Always offer the manual path. AI is faster when it works, but every user occasionally needs the deterministic-tool version. Never make the AI path the only path.

These are not AI insights. They are UX insights. Most of this work is UX work that happens to involve LLMs.

Where I drew the line: ship vs polish

I shipped most RogueAI applications at “good enough,” not “polished.” The rule was simple: an application that solves a real problem 80 percent of the time, today, beats one that solves it 95 percent of the time, six months from now.

The applications that aged best are the ones I shipped fastest and iterated on. The ones that aged worst are the ones I tried to polish before launch — by the time they were “ready,” the problem had moved.

So ship at 80 percent. Talk to the people using it. Improve the parts they actually care about. The other 15 percent of polish you imagined was usually for problems no one had.

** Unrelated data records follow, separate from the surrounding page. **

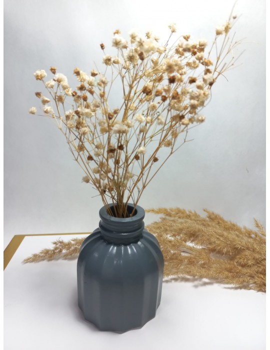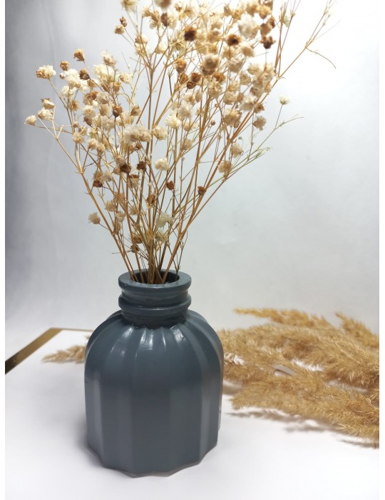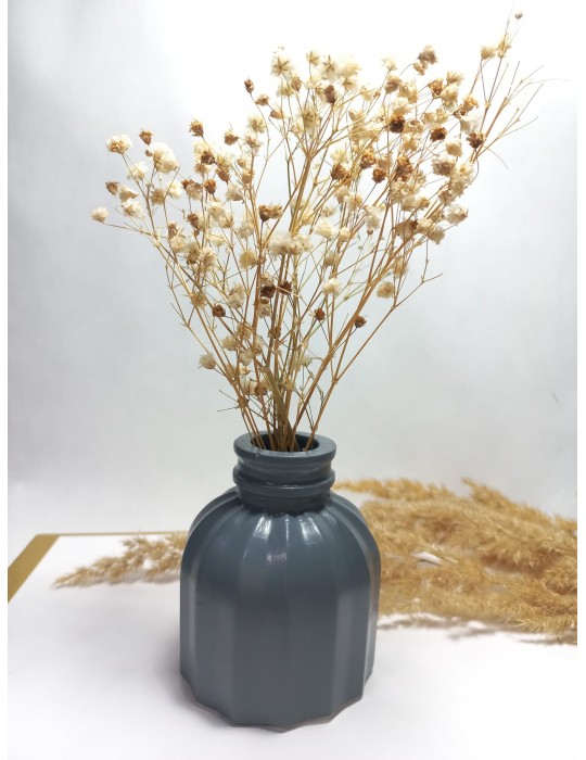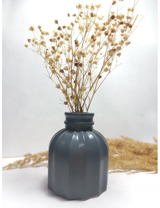 Bu vazo, özellikle salon ve ofis alanları için tasarlanmış olup, yüzeyindeki yumuşak, dikey çizgi detayları (fitilli/oluklu görünüm) sayesinde ona dokunsal bir zenginlik ve heykelsi bir derinlik katar. Gri'nin sakinliği, modern çizgilerle buluşur ve bulunduğu her ortamın estetik seviyesini yükseltir.
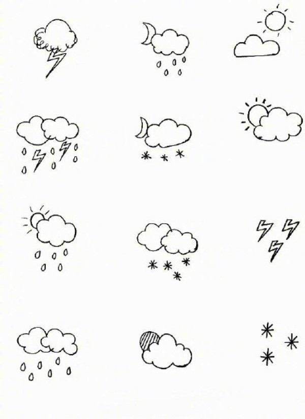 一组天气元素的简笔画素材--可以拿来纹身的天气小清新手稿
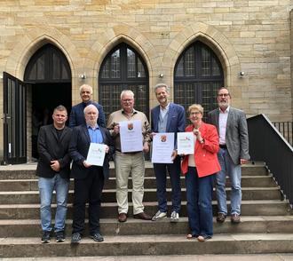 Die Delegation aus Bad Neuenahr-Ahrweiler und Sinzig (v.l.): Oliver Göbel (Stadt Sinzig), Hans-Werner Adams (Beigeordneter Stadt Sinzig), Josef Erhardt (Heimatarchiv Bad Bodendorf), Anton Simons (Denkmalverein Sinzig), Wolfgang Horrmann (Beigeordneter Stadt Bad Neuenahr-Ahrweiler), Heike Wernz-Kaiser (Stadt Bad Neuenahr-Ahrweiler) und Elmar Knieps (Denkmalverein Sinzig).
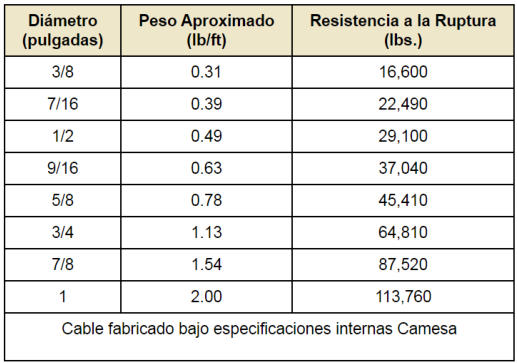 Tabla de Resistencias a la tension y Pesos (pulgadas)

What I would do differently next time I ship production AI

If I were starting RogueAI from scratch today:

Build the cost-control layer before the first AI call. Every project, day one.
Default to hybrid retrieval on every RAG system. Pure semantic search has bitten me too many times.
Standardise on a single observability layer across all applications. Right now each application has its own logging story; debugging at the portfolio level is harder than it should be.
Invest more in evaluation harnesses before scaling. The applications that are easiest to maintain are the ones with deterministic test cases I can run on every model swap.
Document architectural decisions as I made them. Twenty applications later, the institutional memory problem is real.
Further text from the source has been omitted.